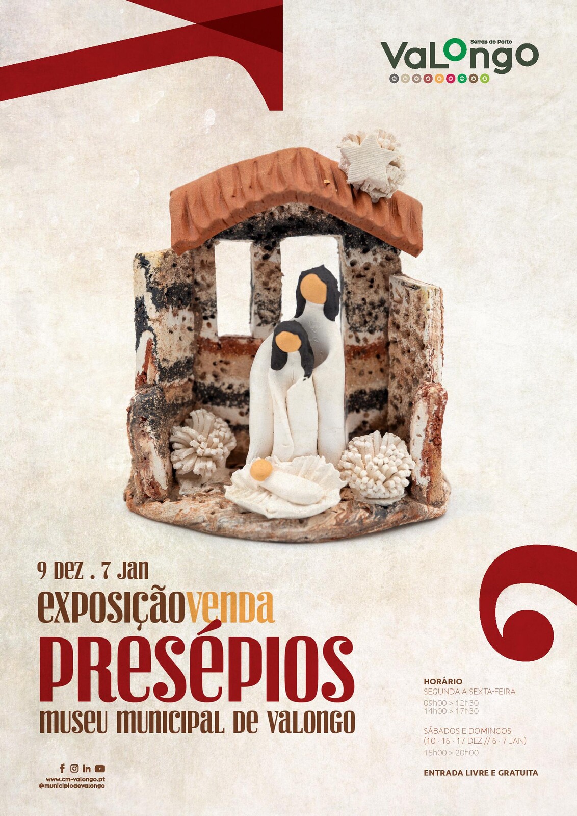 O Museu Municipal de Valongo vai cumprir a tradição e acolher mais uma edição da Exposição de Presépios. De 09 de dezembro a 07 de janeiro, estarão expostos diferentes géneros de presépios, sendo que, como habitualmente, a exposição é acompanhada de uma venda de presépios feitos por diferentes artesãos.
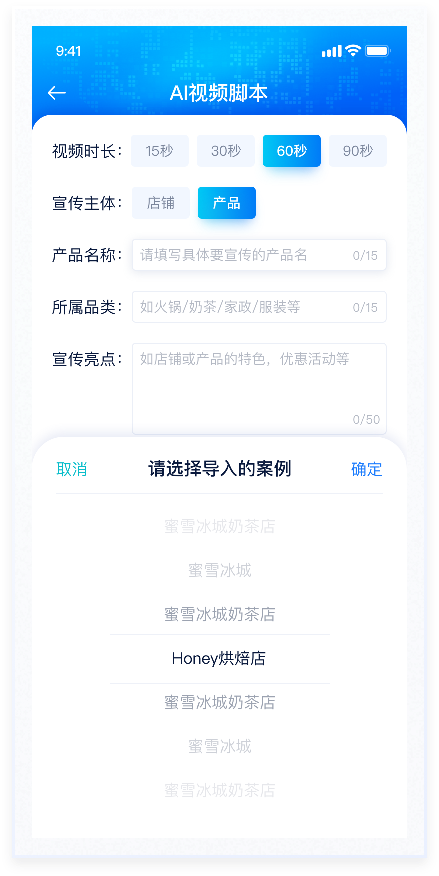 AI生成視頻腳本是用戶輸入相應(yīng)條件后,AI大模型通過系統(tǒng)算法生成視頻內(nèi)容。整體風(fēng)格較為科技感,因此在配色上使用藍(lán)色漸變及較重投影,符合產(chǎn)品屬性,能夠突出產(chǎn)品的創(chuàng)新性和先進(jìn)性。使用戶在使用過程中感受到強(qiáng)烈的視覺沖擊和沉浸感,這種體驗(yàn)有助于增強(qiáng)用戶對(duì)產(chǎn)品的興趣。
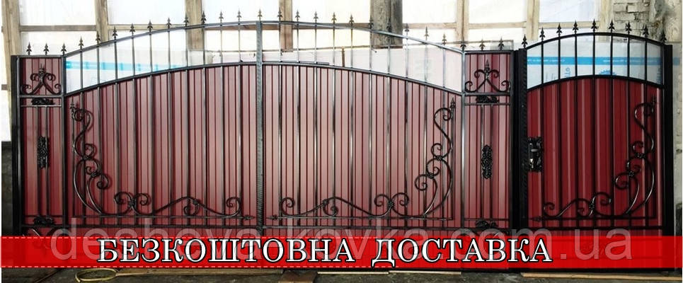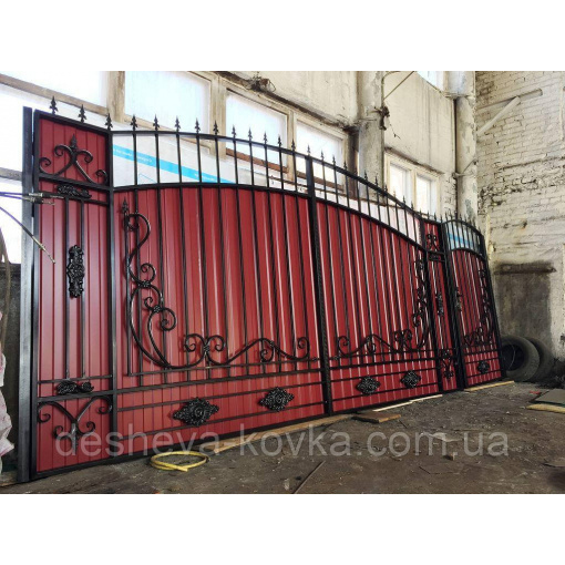 Ворота кованые из профнастилом Код: А-01147 Мы изготовим ворота индивидуально по вашим размерам за 4 рабочих дня. Наши ворота производятся на современном оборудовании специалистами нашей компании, что гарантирует скорость и качество. Уличные ворота из профнастила отлично подходят для обустройства въезда во двор частного дома. Классические конструкции не зря пользуются спросом на протяжении нескольких веков: они хорошо выполняют свои функции, оставаясь простыми и удобными в использовании. Изделие может иметь любую форму и дизайн: из-за его технических особенностей ограничений в возможностях декорирования практически нет. БЕСПЛАТНАЯ доставка по всей Украине! (Доставка курьером до Вашего дома, в любой город/село Украины.) По желанию заказчика калитка может быть справой или с левой стороны. Стандартные размеры: Ворота: 3.4м х 1.7м по столбикам. Калитка: 0.9м х 1.7м по столбикам. Также мы можем изготовить ворота индивидуально по размерам заказчика. Цвет профнастила по выбору! Наша компания является одним из самых больших производств на рынке Украины. Звоните и мы Вас проконсультируем +380965364101.
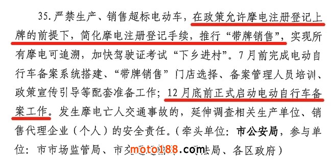 簡化摩電注冊登記手續(xù),推行“帶牌銷售”,12月底前正式啟動電動自行車備案工作。
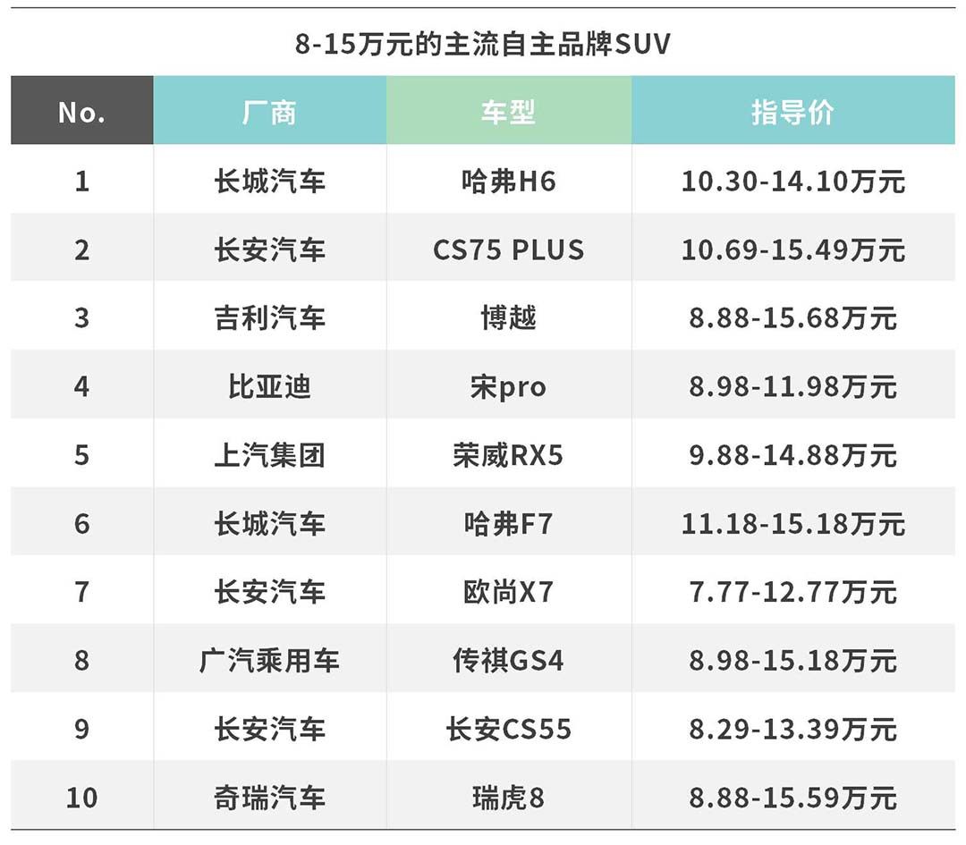 超过15万元选择自主品牌的SUV,一个很重的前提即是,产品本身没有什么质量问题且物有所值,这个物有所值当然是一个整体构成的,设计、用料、做工、配置、动力等多方面都不可或缺,这也是与合资品牌拉开差距的重要因素,最好的选择还是主流的那几个大品牌车型,起码更有保障一些。
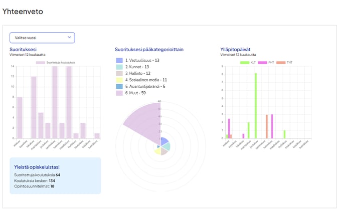 Suoritusrekisterillä näkyy suorittamasi KLT ylläpitokoulutukset sekä täysien KLT ylläpitopäivien kertymä.
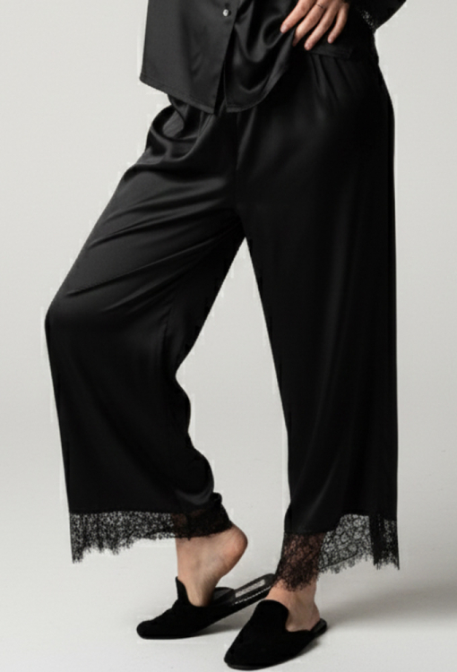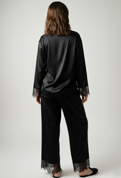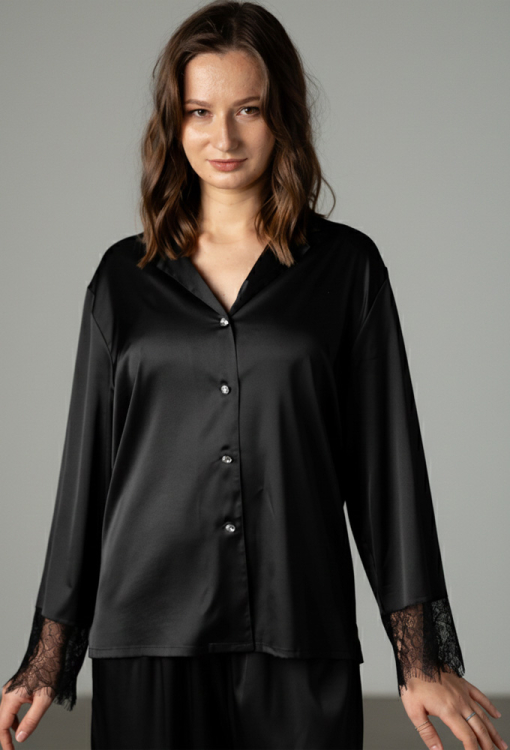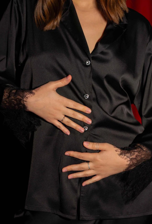 Шикарная женская пижама Дженифер от украинского бренда German Volf. Пижама выполнена из качественного и мягкого смесового шелка черного цвета, состоит из рубашки и штанов свободного силуэта. Рубашка с длинными рукавами и отложным воротником, застегивается на пуговицы. Рукава модели украшены широкими вставками из ажурного кружева с фигурным краем, пуговицы выполнены из стразов. Штаны с удобной посадкой и мягкой резинкой в поясе, внизу украшены кружевными вставками. Пижама очень красивая и комфортная, подойдет для особенных моментом дома, а также может быть отличным подарком близким людям!
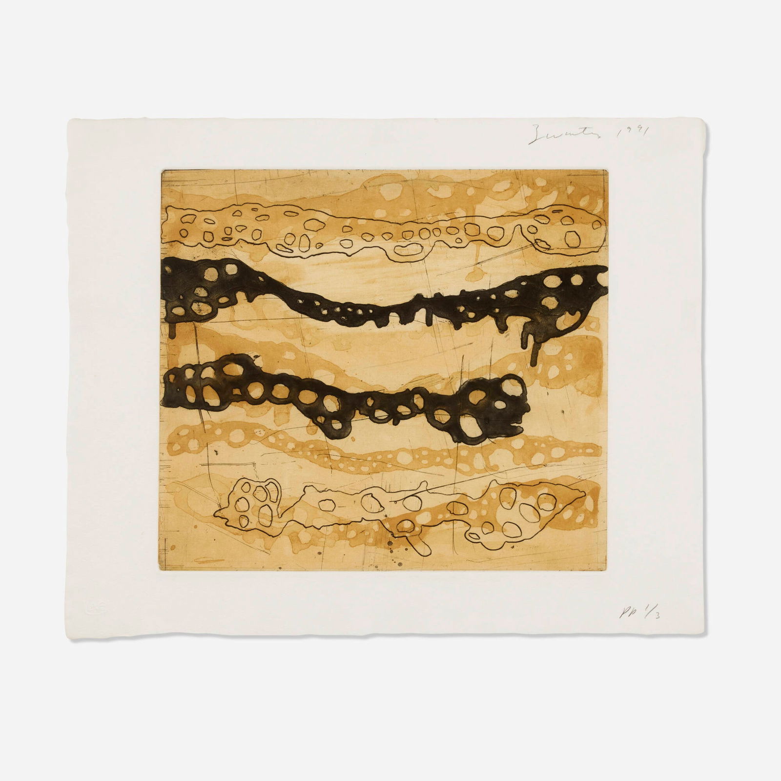 SoldTerry Winters, intaglio, 1988Terry Winters, intaglio, 1988, Terry Winters (American, b. 1949), "Station", Intaglio with spit bite aquatint on Sekishu Torinoko Gampi paper laid down on J. Whatman 1952 paper, pencil signed, dated aSee Sold Price
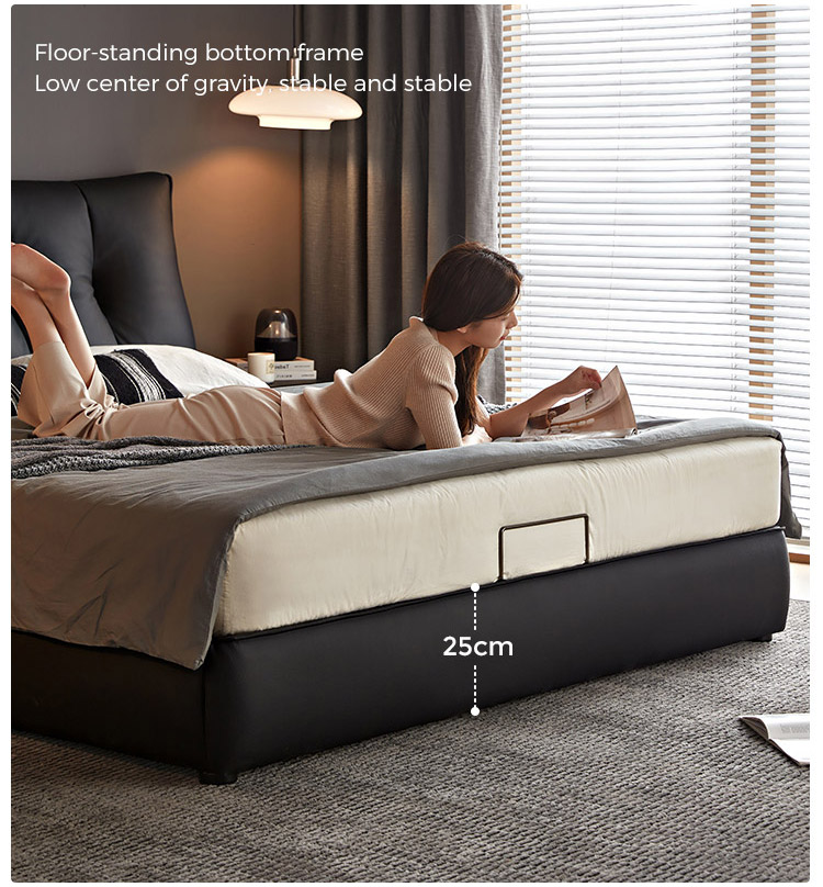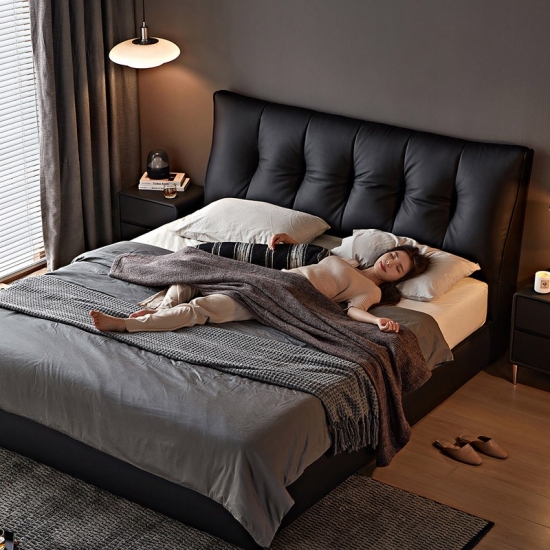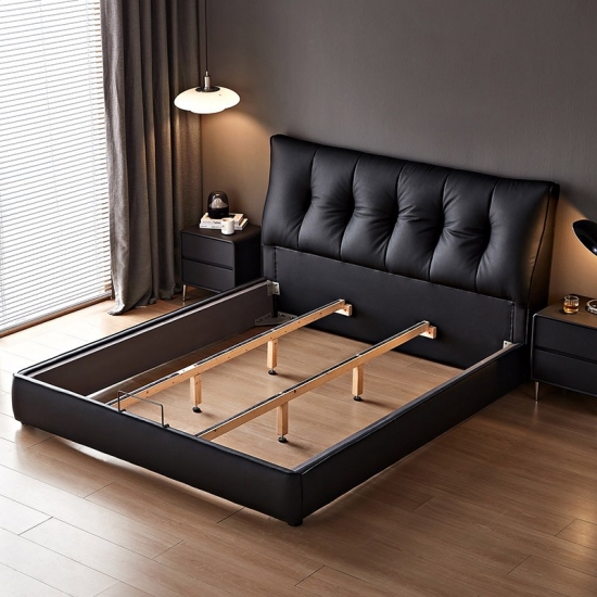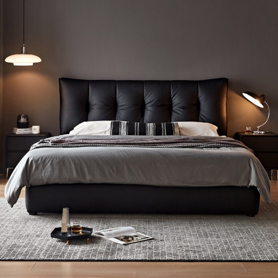 7Элегантность и комфорт. Современная двуспальная кровать из черной кожи TPC566-A
============================================================
Assignment
The lines to retype begin with the one containing "簡化摩電注冊登記手續(xù)" and end with the last line of the records. Reproduce them exactly and omit the pictures.

Answer section
 簡化摩電注冊登記手續(xù),推行“帶牌銷售”,12月底前正式啟動電動自行車備案工作。
 超过15万元选择自主品牌的SUV,一个很重的前提即是,产品本身没有什么质量问题且物有所值,这个物有所值当然是一个整体构成的,设计、用料、做工、配置、动力等多方面都不可或缺,这也是与合资品牌拉开差距的重要因素,最好的选择还是主流的那几个大品牌车型,起码更有保障一些。
 Suoritusrekisterillä näkyy suorittamasi KLT ylläpitokoulutukset sekä täysien KLT ylläpitopäivien kertymä.
 Шикарная женская пижама Дженифер от украинского бренда German Volf. Пижама выполнена из качественного и мягкого смесового шелка черного цвета, состоит из рубашки и штанов свободного силуэта. Рубашка с длинными рукавами и отложным воротником, застегивается на пуговицы. Рукава модели украшены широкими вставками из ажурного кружева с фигурным краем, пуговицы выполнены из стразов. Штаны с удобной посадкой и мягкой резинкой в поясе, внизу украшены кружевными вставками. Пижама очень красивая и комфортная, подойдет для особенных моментом дома, а также может быть отличным подарком близким людям!
 SoldTerry Winters, intaglio, 1988Terry Winters, intaglio, 1988, Terry Winters (American, b. 1949), "Station", Intaglio with spit bite aquatint on Sekishu Torinoko Gampi paper laid down on J. Whatman 1952 paper, pencil signed, dated aSee Sold Price
 7Элегантность и комфорт. Современная двуспальная кровать из черной кожи TPC566-A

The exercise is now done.